== Data ==

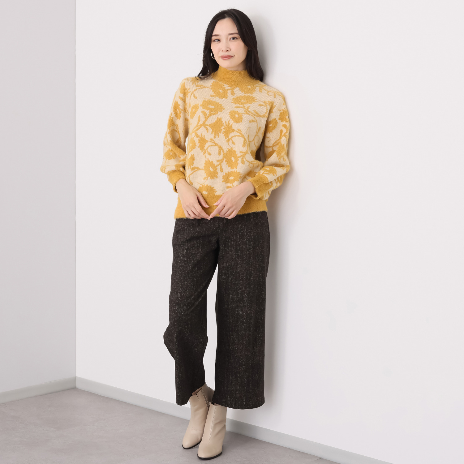 無地のアウターなどのインナーとして着用すると、メリハリと華やかさが生まれ、コーディネイトに新たな魅力をプラスします。
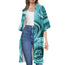 Turquoise Rose Flower Print Open Front Beach Cover Up
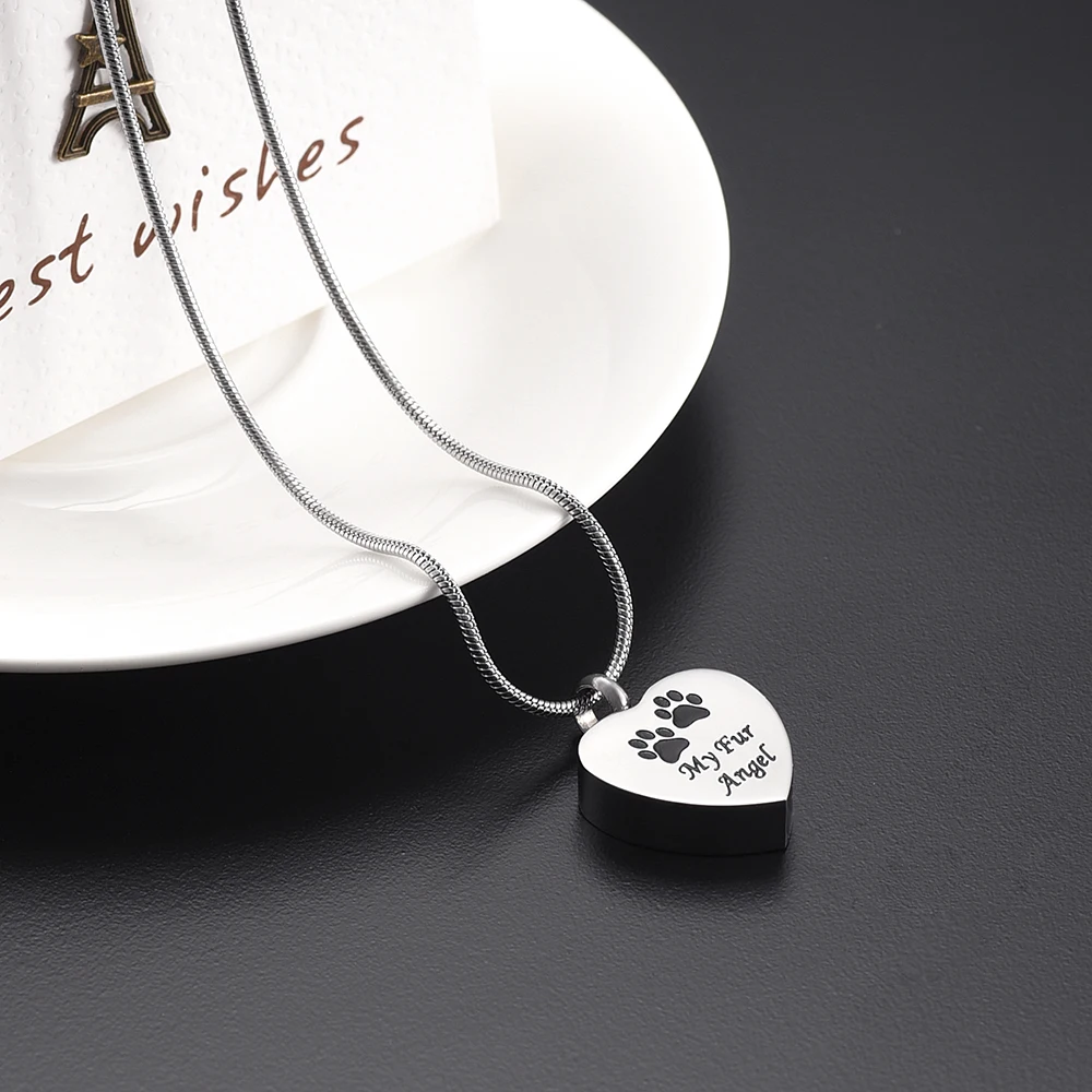 Product Name: KLH9095-9 Inciso "Il Mio Pelliccia Angelo, Doppio Zampa "Cremazione Del Pendente Del Cuore Per Il Cane/Gatto Ceneri Holder-Memorial Gioielli Per Pet Perdita Di
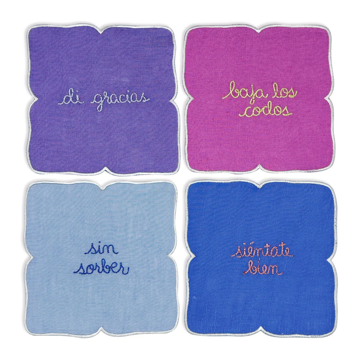 Cocteleras con Frases de Modales en Lino con Bordado de Colores . Set de 4. Vol 2
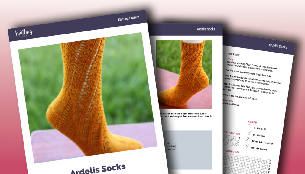You Save 67%The Ardelis Socks by Corrina Ferguson feature spiraling eyelet lace that is mirrored and ends on the tops of the feet. Worked up in a single skein of stunning solid fingering-weight yarn, the spiraling lace pattern helps the socks stay up on your legs.
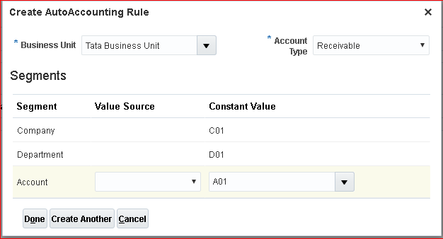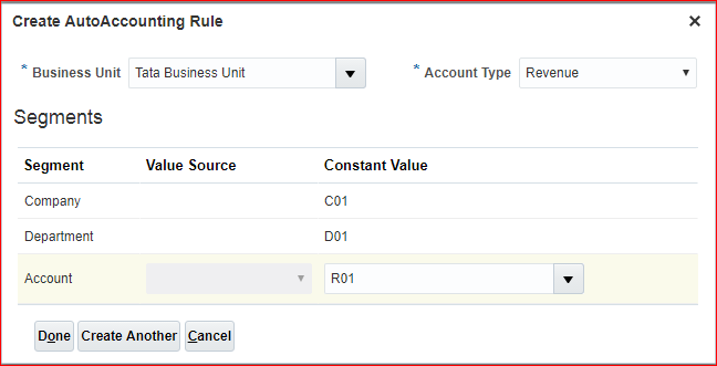 4. Autoaccounting Configuration Implementation project >> Task 'Manage AutoAccounting Rules' >> Create

===

What to do: Repeat the listing above exactly, with no pictures.

Finished exercise:
 無地のアウターなどのインナーとして着用すると、メリハリと華やかさが生まれ、コーディネイトに新たな魅力をプラスします。
 Turquoise Rose Flower Print Open Front Beach Cover Up
 Product Name: KLH9095-9 Inciso "Il Mio Pelliccia Angelo, Doppio Zampa "Cremazione Del Pendente Del Cuore Per Il Cane/Gatto Ceneri Holder-Memorial Gioielli Per Pet Perdita Di
 Cocteleras con Frases de Modales en Lino con Bordado de Colores . Set de 4. Vol 2
You Save 67%The Ardelis Socks by Corrina Ferguson feature spiraling eyelet lace that is mirrored and ends on the tops of the feet. Worked up in a single skein of stunning solid fingering-weight yarn, the spiraling lace pattern helps the socks stay up on your legs.
 4. Autoaccounting Configuration Implementation project >> Task 'Manage AutoAccounting Rules' >> Create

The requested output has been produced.